Arthritis Foundation, NIH/NIBIB R01-EB002524, K24-AR062068, GE Healthcare, DARE.

References

[1] Roos H, et al. Arthritis Rheum. 1998; 41(4):687-93 [2] Kijowski, et al., Radiology, 238:943-9, 2006 [3] Dieppe, et al., Ann Rheum Dis, 52: 557-63, 1993. [4] Regatta et al. Ann Intern Med 2000;133(8):635-646 [5] Li et al. Radiology 2011 [6] Draper et al. J Magn Reson Imaging. 2013;36. [7] Monu et al. ISMRM 2014 0147 [8] Monu et al. ISMRM 2015 [9] Staroswiecki et al. MRM 67:1086_1096(2012) [10] Borthakur et al. JMRI 2003;17(6):730-736

Figures

Figure 1A: Bone-cartilage interface used in determining the best-fit cylinder. B: Segmented cartilage and bone used to create individual projection maps of PET 18F-NaF, cartilage T2 and T1rho relaxation times and cartilage thickness maps.
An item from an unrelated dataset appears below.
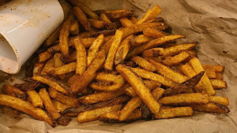 As fast food brands go, Five Guys has a solid reputation for being among the more expensive chains around. Its focus on quality meat, fresh ingredients, and large portion sizes are among the reasons the chain tends to charge more than its competitors. When it comes to its fries, one of the more surprising facts some consumers may not know is that the chain makes its boardwalk-style fries in-house from real potatoes, never frozen ones. It sources a majority of these potatoes from Idaho and fries them twice in peanut oil. Additionally, the chain has a reputation for tossing extra fries into the bag when you purchase an order of the side dish, making it seem like an extra great value.

Figure 2: SUVmax uptake within the injured and contralateral knee of two subjects showing greater uptake both in intensity and area of bone in the injured knees.

Figure 3: Projection maps of an injured knee of the bone PET 18F-NaF uptake and the locations of bone marrow lesions and osteophytes (top row) and T2, T1rho relaxation times and cartilage thickness (bottom row). Black arrows show high PET uptake that corresponds to BMLs, osteophytes and elevated quantitative MRI. White arrows show uptake that corresponds to thinner cartilage but not elevated quantitative MRI.

Figure 4: Sample 18F-NaF clusters in the injured knee that corresponds to BMLs and osteophytes and the mirrored clusters in the contralateral knee. SUVmax values in the eight OA feature clusters (A) and the corresponding mean T1rho relaxation times (B) between knees.